Поначалу она еще бодрилась, но после сдалась. На все вопросы Недельки отвечала хмурым молчанием, а его веселое бодрое настроение воспринимала как оскорбление. Старик же — точно из семи жил сплетен. Шагает себе и горя не ведает.
На шестой день пути они попали в сильную бурю. До сих мор Гвэрлум совершенно искренне полагала, что не боится грозы и непогода ей, в общем-то, нипочем. Но то, что разразилось над ее головой в тяжелые дни бегства из Новгорода, даже «бурей» назвать было, честно говоря, трудно. Ураган, бешеный шквал — такой, что, кажется, вот-вот смерчем поднимет в воздух домик фермера и унесет девочку Дороти с собакой Тото в далекую волшебную страну Оз…
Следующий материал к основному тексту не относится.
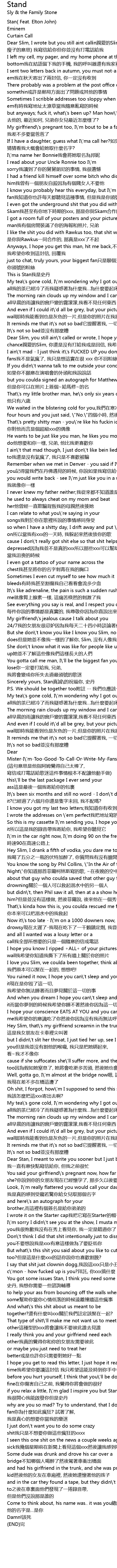 | I ain\'t mad - I just think it\'s FUCKED UP you don\'t answer fans我不是氣瘋了, 我只是想這實在很 xxx 你不回粉絲的信 | |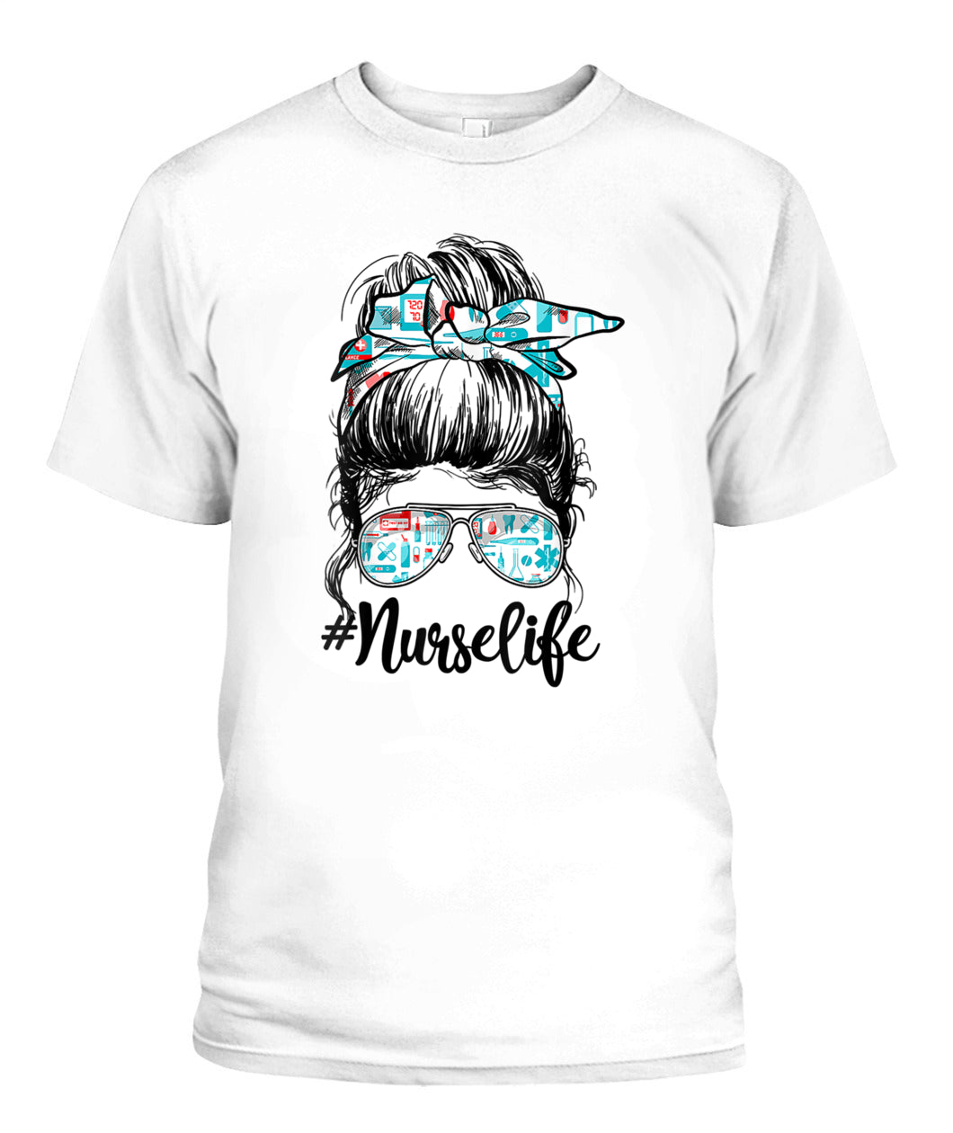 Nurse Cute Messy Bun Girl Nursing Life Mother's Day. Messy bun girl design wearing bandana...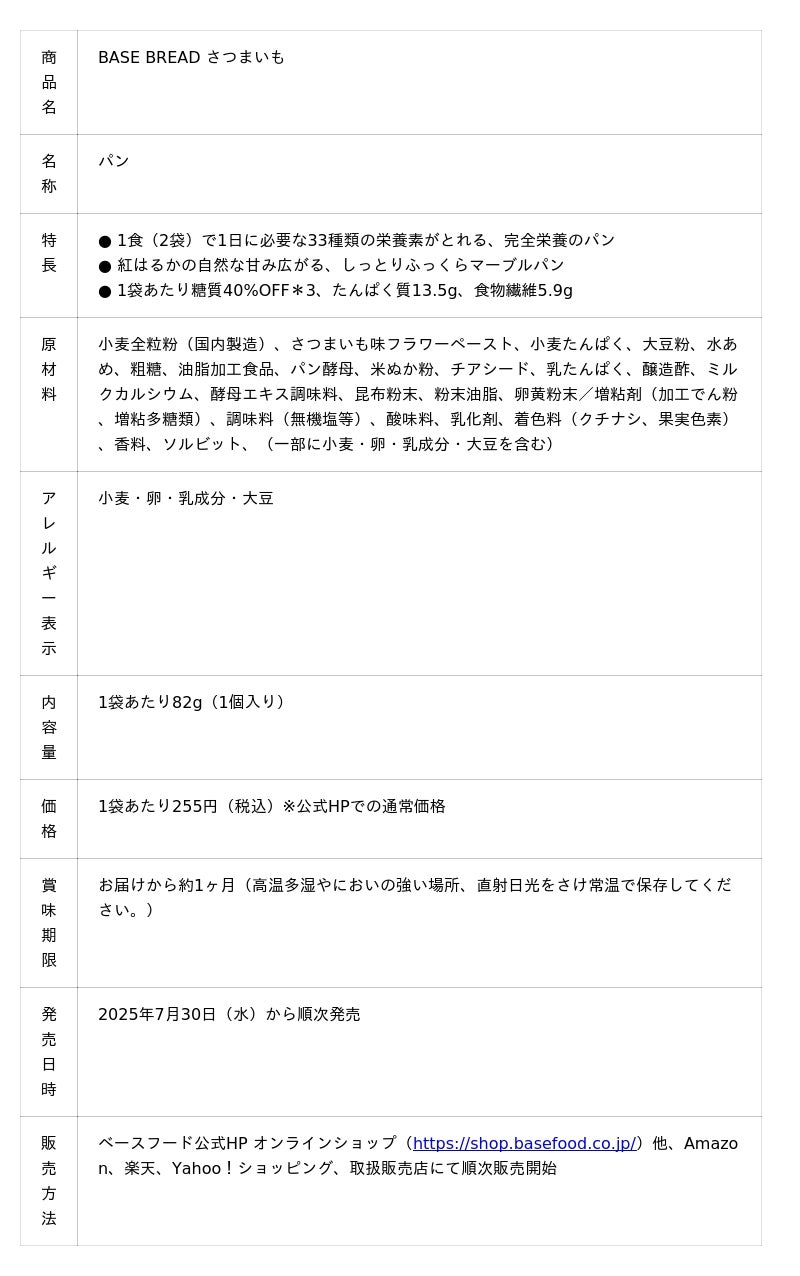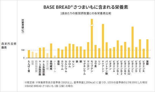 完全栄養の主食※1を開発・販売するベースフード株式会社(本社:東京都目黒区、代表取締役:橋本舜、https://basefood.co.jp)は、1食に必要な33種類の栄養素がすべて摂れる全粒粉ベースの完全栄養のパン※2「BASE BREAD(ベースブレッド)」シリーズから、「BASE BREAD さつまいも」を2025年7月30日(水)より公式オンラインショップ(https://shop.basefood.co.jp/)、他ECサイト、にて順次新販売します。

В страну Далеко-Далеко, Никогда-Никогда. Вот бы эта страна была такой, как в фильме! Вот бы туда можно было добраться на радуге и стать Феей Убивающего Домика! Уж Наташа-то не стала бы так рваться домой, как это делала Дороти… Да уж, оборвала она собственные смятенные мысли. А где же она сейчас находится, если не в стране Далеко-Далеко — точнее, Давным-Давно? Правы были ребята — Харузин, кажется, — когда говорили, что фэнтези-миры гораздо более жестокие и страшные, чем это можно вообразить, и что выжить в них обычному человеку крайне трудно.
Над головой ревел ветер. Он завывал на разные голоса, и все эти голоса представлялись голосом торжествующего дьявола. Что-то сверхъестественное чудилось в этой разбушевавшейся стихии. Черные тучи, одна другой темнее, наползали друг на друга и неслись по небу с невероятной скоростью, но ни разу не мелькнуло просвета.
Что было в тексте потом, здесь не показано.